● YOUR TASK:
Please repeat exactly the lines from the one containing "O colar é feito" to the end of the entries below, both included, and omit all pictures.

● DATA FOR THIS TASK:
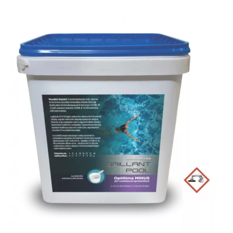 Az OpHtima MINUS egy könnyen oldódó, sósavmentes, savasan reagáló granulátum, amely a medencék pH-értékének csökkentésére szolgál. A granulátumot műanyag kannában 5-10%-os töménységben kell feloldani, majd az oldatot a vízfelszínen szétlocsolni. Az ideális pH érték 7,1 és 7,3 között van. Az OpHtima MINUS gyorsan és hatékonyan állítja be a medencevíz pH-értékét, biztosítva a fürdővíz optimális minőségét. Alkalmazása: A granulátumot műanyag kannába
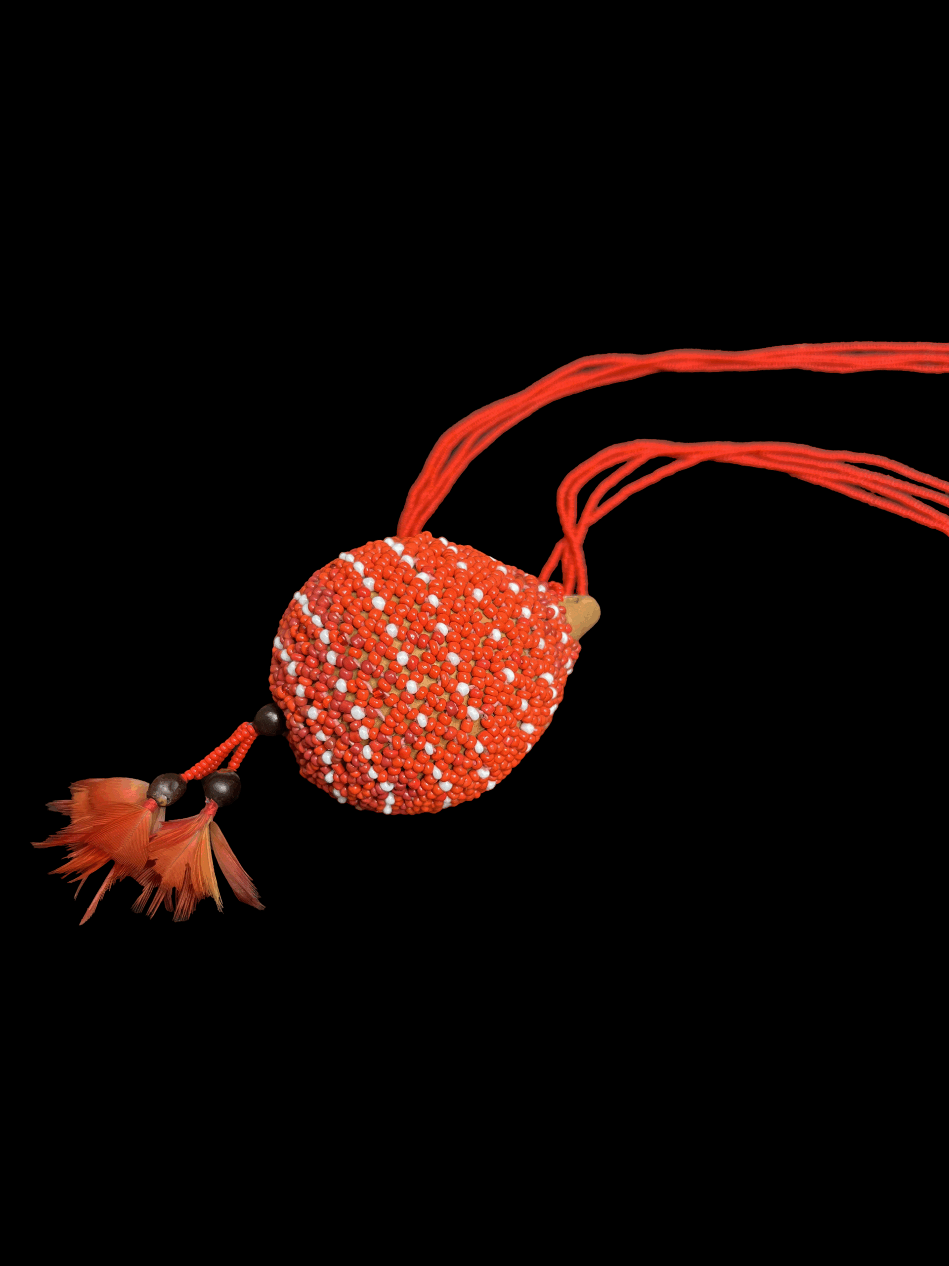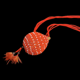 O colar é feito de miçangas na cor vermelho é produzido por várias voltas de miçangas e a cabaça é revertida por miçangas nas cores vermelho e branco e o fundo da cabaça possui algumas penas de Arara na cor vermelho
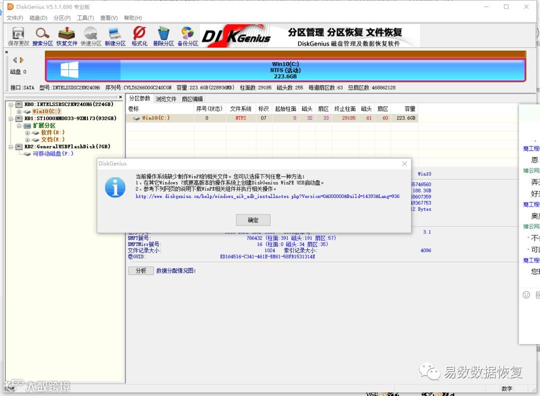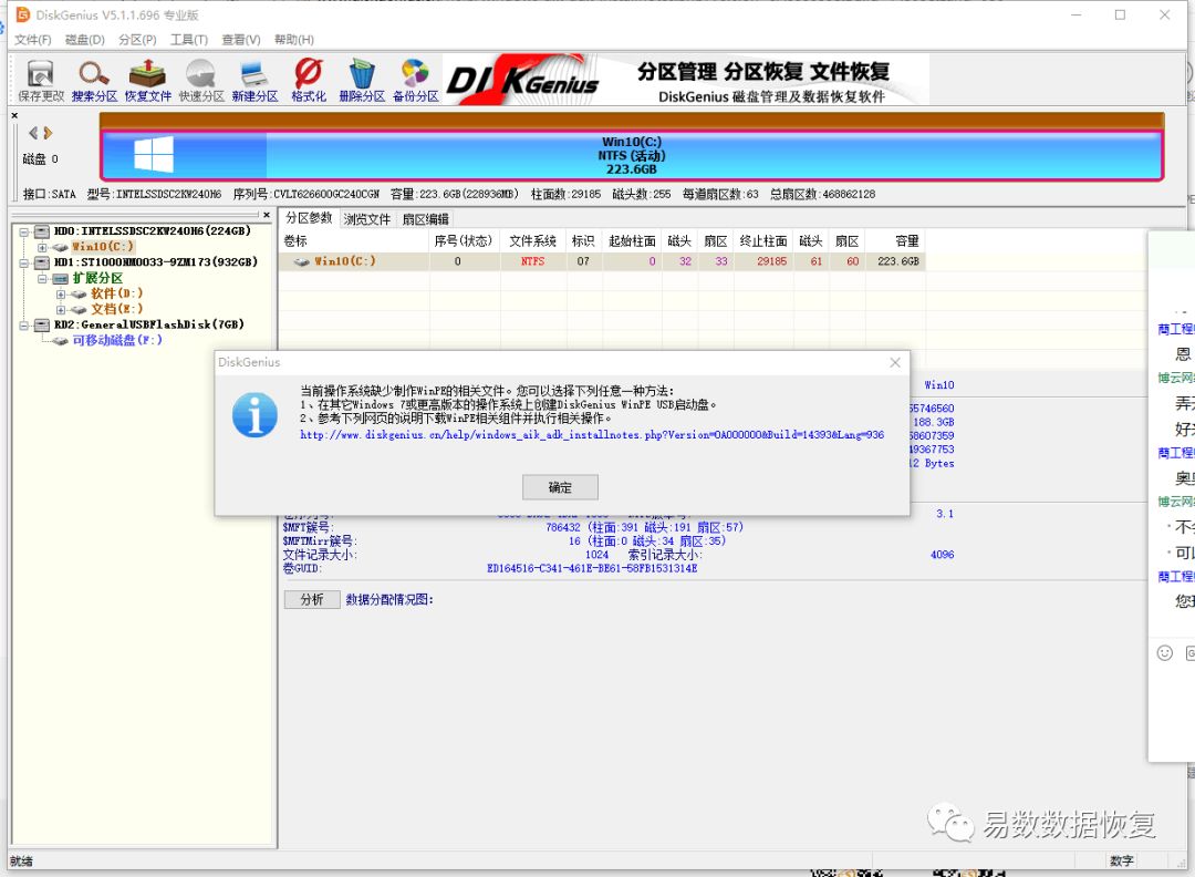 打开DiskGenius软件点击“文件”-“重新启动系统并运行WinPE版DiskGenius软件”,如有以下提示,说明您电脑中缺少相关组件。
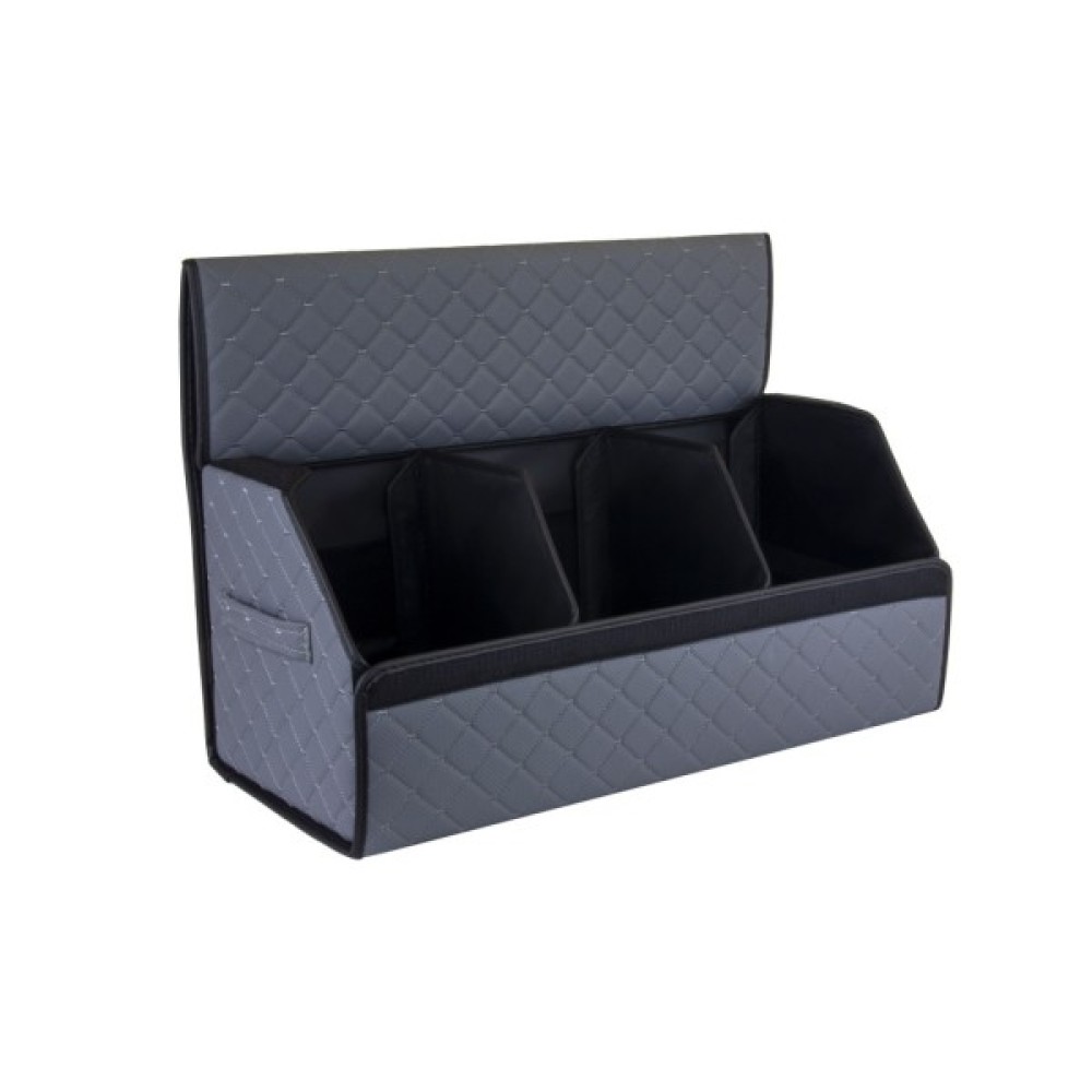 Органайзер для авто EVAtech ECO L — зручно зберігайте всі необхідні речі, організувавши і звільнивши простір у багажнику. Розбірна конструкція Органайзер у багажник виконаний з матеріалів, що мають водовідштовхуючі властивості. Чорний колір органайзеру та підкладу у поєднанні зі шкіряною текстурою та армуючими нитками мають естетичний вигляд. Для міцності край оброблено чорною стрічкою з екошкіри.
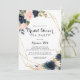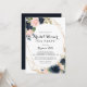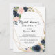 Este convite de festas de chá de chá de panela floral geométrico de ouro é perfeito para um chá de casamento moderno. O design apresenta belas flores azuis escuras, azuis, marinhos, rosa, pinceladas, douradas e folhagem verde pintadas manualmente, amontoadas em buquês elegantes.

● TASK RESPONSE:
 O colar é feito de miçangas na cor vermelho é produzido por várias voltas de miçangas e a cabaça é revertida por miçangas nas cores vermelho e branco e o fundo da cabaça possui algumas penas de Arara na cor vermelho
 打开DiskGenius软件点击“文件”-“重新启动系统并运行WinPE版DiskGenius软件”,如有以下提示,说明您电脑中缺少相关组件。
 Органайзер для авто EVAtech ECO L — зручно зберігайте всі необхідні речі, організувавши і звільнивши простір у багажнику. Розбірна конструкція Органайзер у багажник виконаний з матеріалів, що мають водовідштовхуючі властивості. Чорний колір органайзеру та підкладу у поєднанні зі шкіряною текстурою та армуючими нитками мають естетичний вигляд. Для міцності край оброблено чорною стрічкою з екошкіри.
 Este convite de festas de chá de chá de panela floral geométrico de ouro é perfeito para um chá de casamento moderno. O design apresenta belas flores azuis escuras, azuis, marinhos, rosa, pinceladas, douradas e folhagem verde pintadas manualmente, amontoadas em buquês elegantes.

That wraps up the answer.